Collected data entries
---*---

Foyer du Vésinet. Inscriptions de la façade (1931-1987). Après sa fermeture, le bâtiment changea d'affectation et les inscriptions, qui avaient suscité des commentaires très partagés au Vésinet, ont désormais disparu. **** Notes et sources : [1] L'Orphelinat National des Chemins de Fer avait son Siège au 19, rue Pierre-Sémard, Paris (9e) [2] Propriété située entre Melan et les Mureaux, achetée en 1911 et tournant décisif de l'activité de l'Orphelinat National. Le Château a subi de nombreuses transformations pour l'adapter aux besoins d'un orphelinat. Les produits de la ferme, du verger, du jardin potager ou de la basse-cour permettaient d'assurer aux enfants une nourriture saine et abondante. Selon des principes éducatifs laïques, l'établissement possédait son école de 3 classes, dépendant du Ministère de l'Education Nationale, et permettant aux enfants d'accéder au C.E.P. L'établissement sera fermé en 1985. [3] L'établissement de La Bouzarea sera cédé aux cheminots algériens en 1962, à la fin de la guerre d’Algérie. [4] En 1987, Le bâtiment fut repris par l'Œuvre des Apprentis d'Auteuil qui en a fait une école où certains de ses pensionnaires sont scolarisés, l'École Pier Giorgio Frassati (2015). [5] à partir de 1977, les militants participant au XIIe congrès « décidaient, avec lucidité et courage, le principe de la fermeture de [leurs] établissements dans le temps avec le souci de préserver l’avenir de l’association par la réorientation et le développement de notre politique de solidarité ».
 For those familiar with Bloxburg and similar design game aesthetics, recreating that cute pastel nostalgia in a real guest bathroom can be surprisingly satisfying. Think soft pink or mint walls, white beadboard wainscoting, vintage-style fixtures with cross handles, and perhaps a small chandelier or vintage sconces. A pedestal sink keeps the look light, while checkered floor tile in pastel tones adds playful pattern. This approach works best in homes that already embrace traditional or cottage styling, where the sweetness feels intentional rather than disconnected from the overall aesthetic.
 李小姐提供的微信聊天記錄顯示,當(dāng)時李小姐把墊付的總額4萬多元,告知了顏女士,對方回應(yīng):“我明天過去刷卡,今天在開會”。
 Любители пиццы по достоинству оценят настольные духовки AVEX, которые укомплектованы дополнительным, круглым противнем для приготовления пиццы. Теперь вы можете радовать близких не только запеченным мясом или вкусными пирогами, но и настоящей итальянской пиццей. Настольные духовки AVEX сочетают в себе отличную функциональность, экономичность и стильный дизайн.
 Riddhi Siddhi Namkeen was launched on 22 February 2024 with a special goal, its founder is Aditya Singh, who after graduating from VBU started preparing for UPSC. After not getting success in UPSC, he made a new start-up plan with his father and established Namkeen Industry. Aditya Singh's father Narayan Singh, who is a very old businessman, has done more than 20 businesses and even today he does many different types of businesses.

---*---

_How to complete this task_
Please repeat the data above verbatim, all of it.

_Output of the task_
Foyer du Vésinet. Inscriptions de la façade (1931-1987). Après sa fermeture, le bâtiment changea d'affectation et les inscriptions, qui avaient suscité des commentaires très partagés au Vésinet, ont désormais disparu. **** Notes et sources : [1] L'Orphelinat National des Chemins de Fer avait son Siège au 19, rue Pierre-Sémard, Paris (9e) [2] Propriété située entre Melan et les Mureaux, achetée en 1911 et tournant décisif de l'activité de l'Orphelinat National. Le Château a subi de nombreuses transformations pour l'adapter aux besoins d'un orphelinat. Les produits de la ferme, du verger, du jardin potager ou de la basse-cour permettaient d'assurer aux enfants une nourriture saine et abondante. Selon des principes éducatifs laïques, l'établissement possédait son école de 3 classes, dépendant du Ministère de l'Education Nationale, et permettant aux enfants d'accéder au C.E.P. L'établissement sera fermé en 1985. [3] L'établissement de La Bouzarea sera cédé aux cheminots algériens en 1962, à la fin de la guerre d’Algérie. [4] En 1987, Le bâtiment fut repris par l'Œuvre des Apprentis d'Auteuil qui en a fait une école où certains de ses pensionnaires sont scolarisés, l'École Pier Giorgio Frassati (2015). [5] à partir de 1977, les militants participant au XIIe congrès « décidaient, avec lucidité et courage, le principe de la fermeture de [leurs] établissements dans le temps avec le souci de préserver l’avenir de l’association par la réorientation et le développement de notre politique de solidarité ».
 For those familiar with Bloxburg and similar design game aesthetics, recreating that cute pastel nostalgia in a real guest bathroom can be surprisingly satisfying. Think soft pink or mint walls, white beadboard wainscoting, vintage-style fixtures with cross handles, and perhaps a small chandelier or vintage sconces. A pedestal sink keeps the look light, while checkered floor tile in pastel tones adds playful pattern. This approach works best in homes that already embrace traditional or cottage styling, where the sweetness feels intentional rather than disconnected from the overall aesthetic.
 李小姐提供的微信聊天記錄顯示,當(dāng)時李小姐把墊付的總額4萬多元,告知了顏女士,對方回應(yīng):“我明天過去刷卡,今天在開會”。
 Любители пиццы по достоинству оценят настольные духовки AVEX, которые укомплектованы дополнительным, круглым противнем для приготовления пиццы. Теперь вы можете радовать близких не только запеченным мясом или вкусными пирогами, но и настоящей итальянской пиццей. Настольные духовки AVEX сочетают в себе отличную функциональность, экономичность и стильный дизайн.
 Riddhi Siddhi Namkeen was launched on 22 February 2024 with a special goal, its founder is Aditya Singh, who after graduating from VBU started preparing for UPSC. After not getting success in UPSC, he made a new start-up plan with his father and established Namkeen Industry. Aditya Singh's father Narayan Singh, who is a very old businessman, has done more than 20 businesses and even today he does many different types of businesses.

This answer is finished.